**Assigned task**
Return the listing below exactly, with the pictures dropped.

**Material provided**
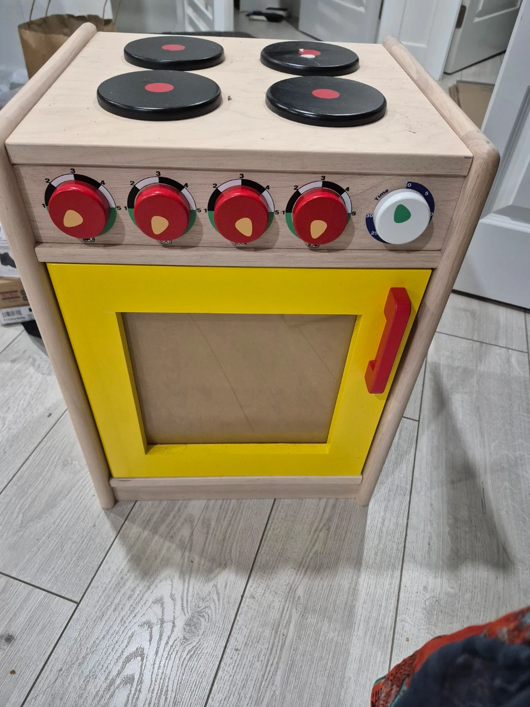 5I'm selling an play kitchen. It's in great condition and perfect for little chefs to explore their culinary creativity! It features a stove top, oven, and knobs that click when turned, just like a real kitchen also some utensils too
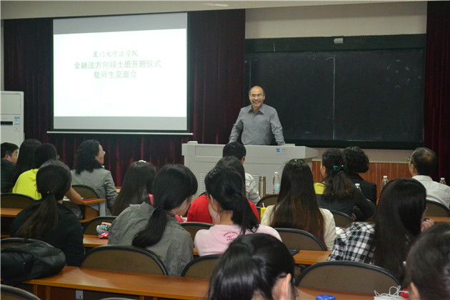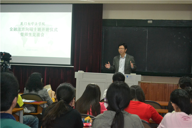 首先,作为金融法方向硕士班筹备组负责人,刘志云老师兴奋地表达了对这一全新集体成立的欣喜与感慨。刘老师强调,金融法方向硕士班是一个创新的集体,班级吸纳了经济法教研室校内外导师指导的经济法专业、环境法专业及法律硕士(金融法方向)的全部同学,不再有专业隔阂,也没有门户之见,校外导师更是云集国内相关金融监管机构、证券交易所、金融期货交易所、商业银行、证券公司、基金公司、上市公司、知名律所等金融、法律界一流精英。在导师分配方面,班级在传统导师与学生“一对一”的主导师制度基础上,创造性地提出导师组模式,金融法方向硕士班的同学将共享校内外导师资源,从而最大程度上凝聚和发挥集体的智慧与力量。谈及本次开班仪式,刘老师动情地说道,本次仪式是筹备阶段的结束,更是新历程的开始,以后的时光需要导师与同学们一道,在不停的尝试、摸索与磨合过程,一起努力与进步,让这个班级成为在厦大法学院,乃至全国著名院校法学院最有特色、最有成就的班级之一。
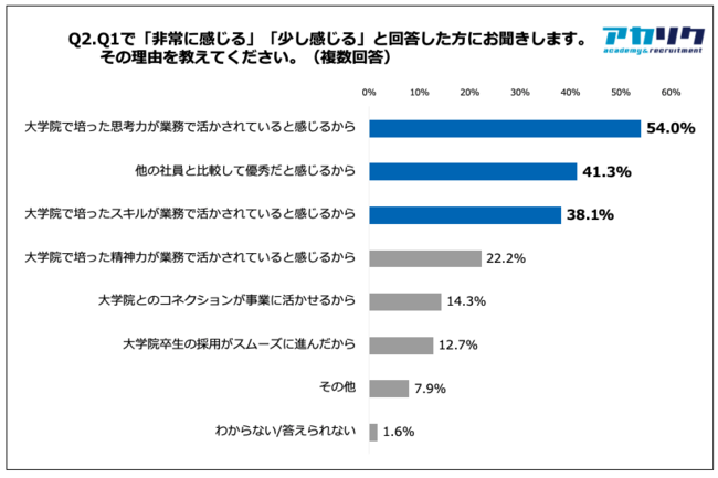 Q1の「Q1.あなたは、お勤め先の採用活動において、大学院卒生を採用してよかったと感じますか。」の問いに対し、「非常に感じる」「少し感じる」と回答した方に、「Q2.その理由を教えてください。(複数回答)」(n=63)と質問したところ、「大学院で培った思考力が業務で活かされていると感じるから」が54.0%、「他の社員と比較して優秀だと感じるから」が41.3%、「大学院で培ったスキルが業務で活かされていると感じるから」が38.1%という回答となりました。

**Answer**
 5I'm selling an play kitchen. It's in great condition and perfect for little chefs to explore their culinary creativity! It features a stove top, oven, and knobs that click when turned, just like a real kitchen also some utensils too
 首先,作为金融法方向硕士班筹备组负责人,刘志云老师兴奋地表达了对这一全新集体成立的欣喜与感慨。刘老师强调,金融法方向硕士班是一个创新的集体,班级吸纳了经济法教研室校内外导师指导的经济法专业、环境法专业及法律硕士(金融法方向)的全部同学,不再有专业隔阂,也没有门户之见,校外导师更是云集国内相关金融监管机构、证券交易所、金融期货交易所、商业银行、证券公司、基金公司、上市公司、知名律所等金融、法律界一流精英。在导师分配方面,班级在传统导师与学生“一对一”的主导师制度基础上,创造性地提出导师组模式,金融法方向硕士班的同学将共享校内外导师资源,从而最大程度上凝聚和发挥集体的智慧与力量。谈及本次开班仪式,刘老师动情地说道,本次仪式是筹备阶段的结束,更是新历程的开始,以后的时光需要导师与同学们一道,在不停的尝试、摸索与磨合过程,一起努力与进步,让这个班级成为在厦大法学院,乃至全国著名院校法学院最有特色、最有成就的班级之一。
 Q1の「Q1.あなたは、お勤め先の採用活動において、大学院卒生を採用してよかったと感じますか。」の問いに対し、「非常に感じる」「少し感じる」と回答した方に、「Q2.その理由を教えてください。(複数回答)」(n=63)と質問したところ、「大学院で培った思考力が業務で活かされていると感じるから」が54.0%、「他の社員と比較して優秀だと感じるから」が41.3%、「大学院で培ったスキルが業務で活かされていると感じるから」が38.1%という回答となりました。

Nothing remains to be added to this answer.